I am performing an ANCOVA. My dependent variable is the number of days a student is absent from school. As one can imagine, this variable is not normal, so I performed a log10 transformation. When I run the analysis with the transformed variable, I find no significant relationship with my variable of interest. However, when I run it with the original dependent variable the relationship is significant. Also, the homogeneity assumption is violated with the original dependent variable, but not with the transformed variable. Given the violations, I was under the impression that statistical power should be reduced. Why is it that I only find significant results when these assumptions are violated? Can someone help explain this to me? I should also mention that my sample sizes are quite unequal and in this case the smaller cell has a smaller variance on the dependent variable.
2 Answers
First, without seeing the data, it is difficult, if not impossible, to tell exactly why you get significance with the model that violates the assumptions but not with the one that doesn't. However, one possible (likely) reason is that you had some students with a large number of absences that also had an unusual value on the independent variable (whatever it is - you could tell us). This would then be an influential point and cause a strange relationship.
Second, it is not the dependent variable that has to be normal, it is the residuals from the model. Have you tested those?
Third, days absent is a count variable. Therefore, unless the mean number of days absent is fairly high, you should not be doing ANCOVA at all, you should be doing some form of count regression. Possibly Poisson but more likely negative binomial regression. If this is over a relatively short time period, then you might even need a zero-inflated model, but it's hard to tell without the data.

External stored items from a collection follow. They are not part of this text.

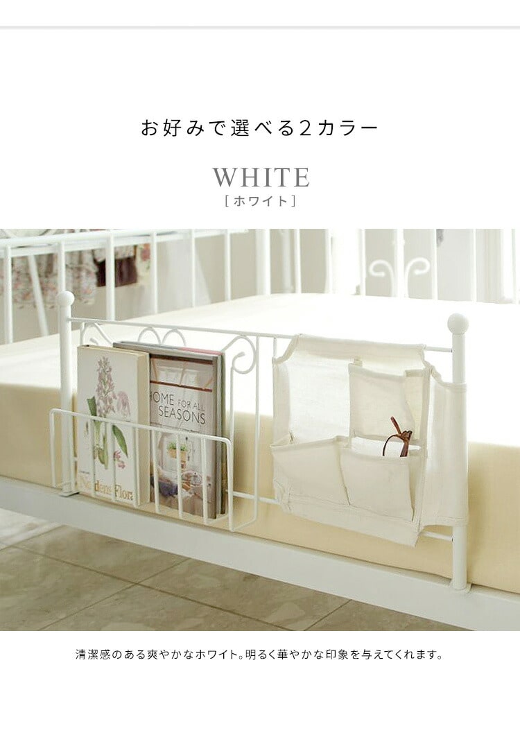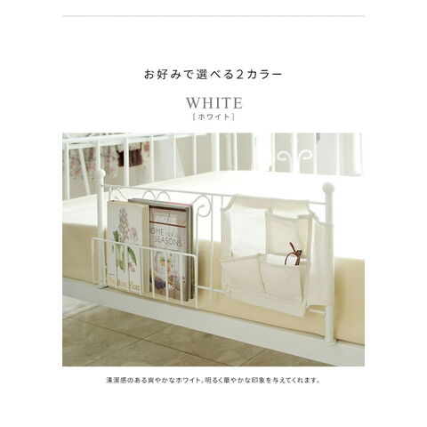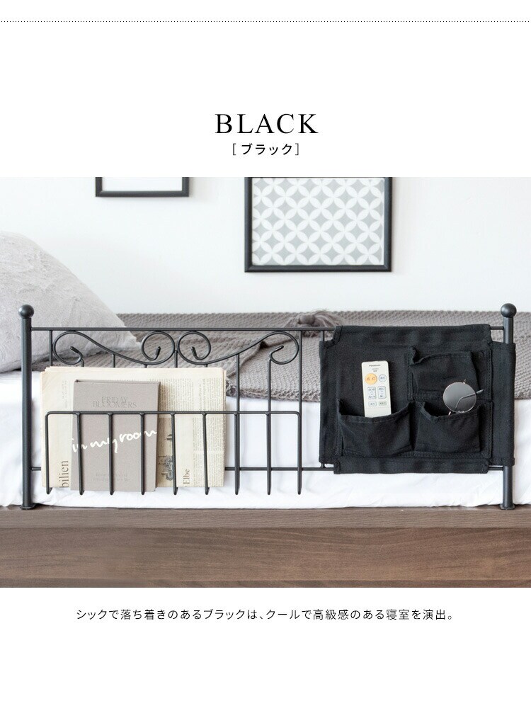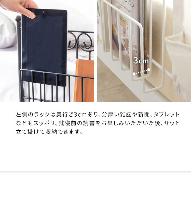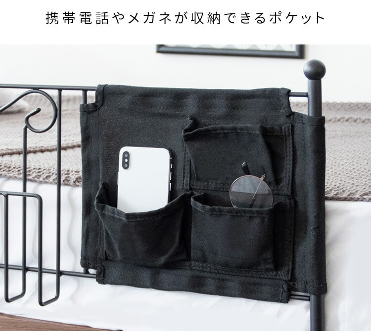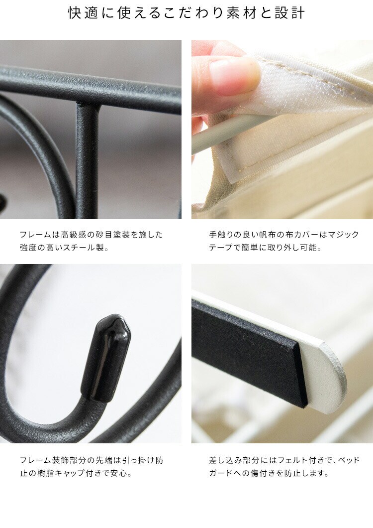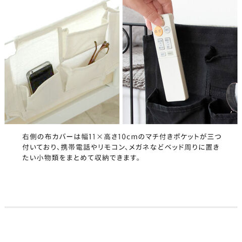 マットレスの下に差し込むだけの簡単取り付けで、布団のズレ落ちを防止します。雑誌や新聞が置ける収納ラックと、携帯電話やリモコンなど小物が入るポケットが三つある布カバー付きの便利なデザイン。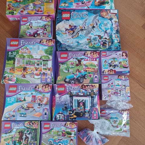 LEGO Friends, elves och creator byggsatser i blandade set. Flera olika modeller och motiv från Friends-serien, för lek och byggande med minifigurer, fordon och miljöer. Seten levereras i separata påsar enligt bilderna. Passar för den som vill komplettera sin LEGO Friends-samling eller använda delarna till egna byggen.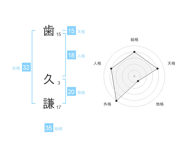 歯 久謙さんの総格は35画の4点!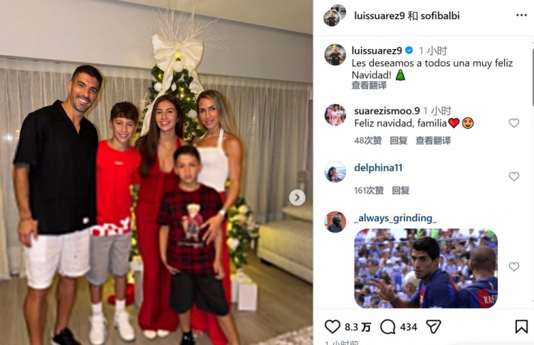 苏亚雷斯写道:“我们祝你们所有人圣诞节快乐!”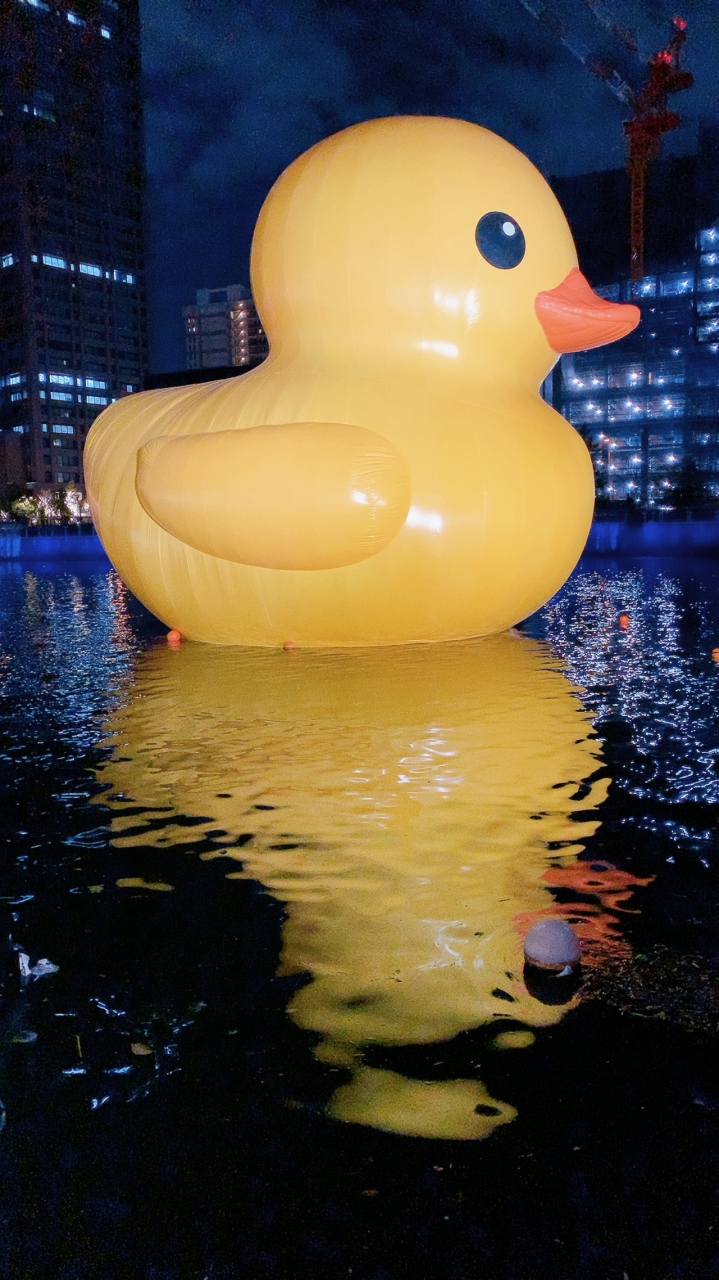 今年も、あひるちゃんが大阪にやって来た! ライトアップされてめっちゃキレイでした。

Fourth, how did you take the log of the number of days absent? Surely some students had no days absent? Log(0) is undefined.
The dependent variable is not required to have an (unconditional) normal distribution, even if you're using it for inference.
Its conditional distribution should be close to normal unless the sample size is fairly large, or the inference will be somewhat affected.
Note that the linearity assumption and the homoscedasticity assumption are both affected by your transformation - you can't just transform variables without consideration for your other assumptions. Even the additivity of the error term is affected.
Perhaps worst of all -- taking logs of counts will lose all the cases where the count is zero. In some cases this can totally screw up your analysis. Indeed, that loss of points could even be one explanation (of a bunch of possible ones) for the significant/non-significant issue.
You should probably be using a model appropriate for count data, such as a GLM with a binomial response (assuming constant probability of absence within each case), or a Poisson (probably what I'd try first), or quasi-Poisson or even negative binomial.
If you must use linear regression, and see equality of variance as most important, approximate variance-stabilizing transformations include the Anscombe and Freeman-Tukey. These used to be used more often before GLM software became widespread. These all improve the normal approximation quite well as long as the counts tend not to be low.
However, the assumption of linearity is to my mind generally the more central assumption; you must consider whether any transformation is making that worse rather than better.